Heteroscedastic models of the noise uncertainty have been used in image super-resolution [4] and also exploited for spatially adaptive task loss weighting in multi-task learning [5]. However, these parametric methods are restricted to unimodal, symmetric distributions, which are not necessarily realistic. Testtime augmentation has been used to perturb the data and thus infer the uncertainty from the differences in predictions [6,7]. In these approaches, the estimated uncertainty will depend wholly on the model’s lack of invariance to the chosen augmentations: this may suggest that the models are undertrained or lacking capacity.

While decomposing errors may be useful, other solutions exist. Predictive Intervals (PIs) estimate a lower and upper bound for an observation, such that the observation falls inside these bounds some chosen (high) percentage of the time: for a 95% PI, we would expect 95 of 100 observations to lie within the interval. Pls should satisfy the following properties: (a) to be as small as possible, while (b) still enclosing the appropriate fraction of results. This can be enforced through the loss function [8]. In this work, we propose an extension of this method for application to counting tasks. We first describe different methods to perform counting tasks and assess uncertainty over measurements before presenting the loss function. We then describe the proposed amendment which is more flexible and stabler to train.

2. Methods

2.1. Uncertainty in Counting

The overall aim of this work is to compute a predictive interval that (a) minimises the interval width, whilst (b) ensuring that the interval contains the appropriate percentage of results. Here we introduce several techniques to count cells and associated methods to calculate predictive intervals. While they present a novel contribution in their own right, these methods of counting are introduced here as a baseline against the method proposed in Sect. 2.3. These baseline methods do not explicitly regress a predictive interval. Instead, we use the multiple outputs from the models (e.g. MC samples or M-heads) to sample predictions of count. Although we could simply use percentiles of these results to calculate intervals, these perform badly (the true count is often not within the obtained bounds).
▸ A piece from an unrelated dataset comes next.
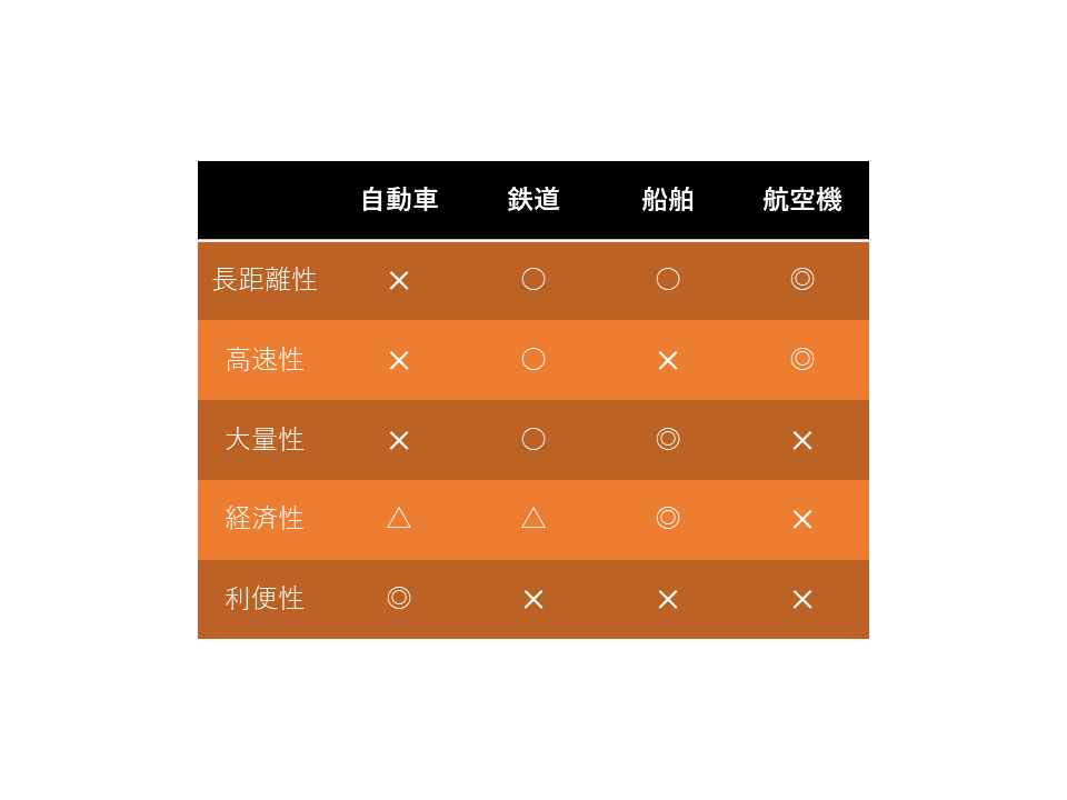鉄道や、船舶、航空に比べて、

In order to mitigate this issue and introduce a fair comparison, the predictive intervals for each method below are calibrated post hoc following [9]: we transform the bounds affinely until they encompass a fraction f > 1 – α on the validation data. This transformation is then applied to the test-set estimates.

Segmentation-Based

One counting method is to learn a segmentation of the input image and use connected-components analysis to determine the number of individual objects. To calculate uncertainty, we use three different approaches. We use Monte-Carlo samples of a network trained with dropout to produce N segmentation maps, counting the objects for each of the N. Secondly, we measure the number of objects at different thresholds of the output confidence map of the network. As the confidence threshold increases, fewer pixels will remain in the ‘foreground’ class. Finally, we also use M-heads [3], which produces M estimates of the segmentation with one forward pass of the network. This method produces a diverse mode-seeking ensemble, so higher variability in the heads may indicate that the model is more uncertain of the segmentation. For these methods, our target is the segmentation from Fig. 1.
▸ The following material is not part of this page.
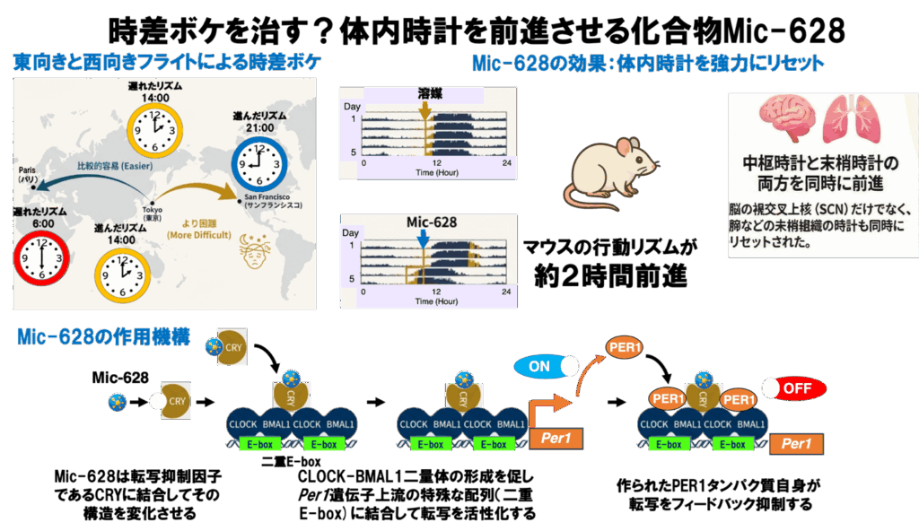 「朝起きるのがつらい」「海外旅行の時差ぼけを早く治したい」—そんな願いを叶える鍵は、私たちの細胞にある『時計遺伝子(※1)』が握っています。金沢大学の程 肇名誉教授(元・旧三菱化学生命科学研究所主任研究員)、大阪大学大学院歯学研究科・ゲノム編集技術開発ユニットの高畑佳史准教授、豊橋技術科学大学次世代半導体・センサ科学研究所の沼野利佳教授、東京科学大学生命理工学院生命理工学系の瓜生耕一郎准教授らを含む共同研究グループは、哺乳類の概日時計遺伝子 Period1Per1)を特異的に誘導する化合物 Mic-628 を新たに発見しました。

Fig. 1 — An illustrative figure of the cell data. The image has ground-truth labels that we binarise for the segmentation targets. The density and Euclidean Distance Transform (EDT) are targets for regression.

Regressing the Euclidean Distance Transform

Naylor et al. [10] introduced a regression-based method for cell counting. Given an input image, the network learns to approximate the Euclidean Distance Transform of the cell segmentation maps (see Fig. 1). A non-maximum suppression is then used to count the cells. In order to calculate the uncertainty of the cell count, we use the MC-sampling paradigm described above, with a network with dropout trained.
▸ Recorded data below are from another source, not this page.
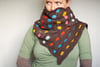 Worked in any weight yarn, with a simple construction for the asymmetrical triangle shape, this relatively easy to knit piece is a great way to showcase a collection of different colored yarns. Pick one main color and as many contrasting partial skeins as you want, to make the dots in this slip-stitch colorwork shawl.
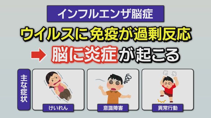 厚労省の調査では2019年にインフルエンザ脳症が確認されたのは254例あり、そのうち10歳未満の子どもが71%。毎年全国で100人から300人程度が発症し、このうち死に至るのはおよそ8から9%ということです。
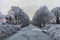 Winter in januari 2017. Een sprookjesachtig landschap in de provincie Drenthe (Nederland). Na een koude nacht vroeg in de ochtend vlak voor zonsopkomst. Nog even kunnen genieten voordat het ijs van de takken weer ging smelten.
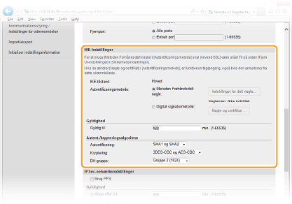 Angiv indstillingerne [Gyldig til:], og [Autentificering:]/[Kryptering:]/[DH-gruppe:].
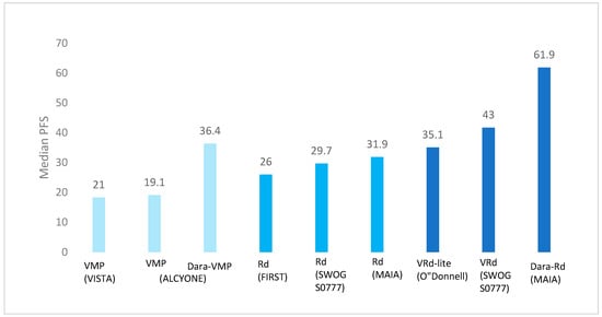 Thus, an adapted VRd version was introduced called “VRd lite” [11] in order to reduce the toxicity associated with this regimen. VRd lite was given over a 35-day cycle (based on the VMP scheme) with oral lenalidomide 15 mg on days 1–21, bortezomib subcutaneous 1.3 mg/m2 on days 1, 8, 15, and 22, combined with dexamethasone 20 mg for nine cycles, followed by six cycles of consolidation by VR, similarly to the initial VMP design. Median PFS was 35.1 months (95% CI 30.9; ∞) (Figure 1) and median OS was not reached at a median of follow-up of 30 months. There is also a “VRd lite” version given over a 28-day cycle (as per the Rd scheme) with oral lenalidomide 25 mg on days 1–21, bortezomib subcutaneous 1.3 mg/m2 on days 1, 8, and 15, combined with dexamethasone 20 mg for up to six to twelve cycles followed by Rd maintenance treatment.

Regressing the Pixel-Wise Cell Density

One popular technique for counting in computer-vision applications is to use a regression formulation to estimate a density-map from the raw image: summing over all pixels returns the count [11,12]. The density estimation function we use is a convolutional neural network. For these experiments, the ground truth density map has value 0 for background, and $\frac{1}{n_{i}}$ otherwise, where n_i is the number of pixels in the i^th object. The network we use to estimate the density is a multi-task network with a shared backbone and two ‘heads’. One head learns the segmentation while the other learns the density map. For uncertainty estimation, we use the M-heads paradigm to introduce variance in the output.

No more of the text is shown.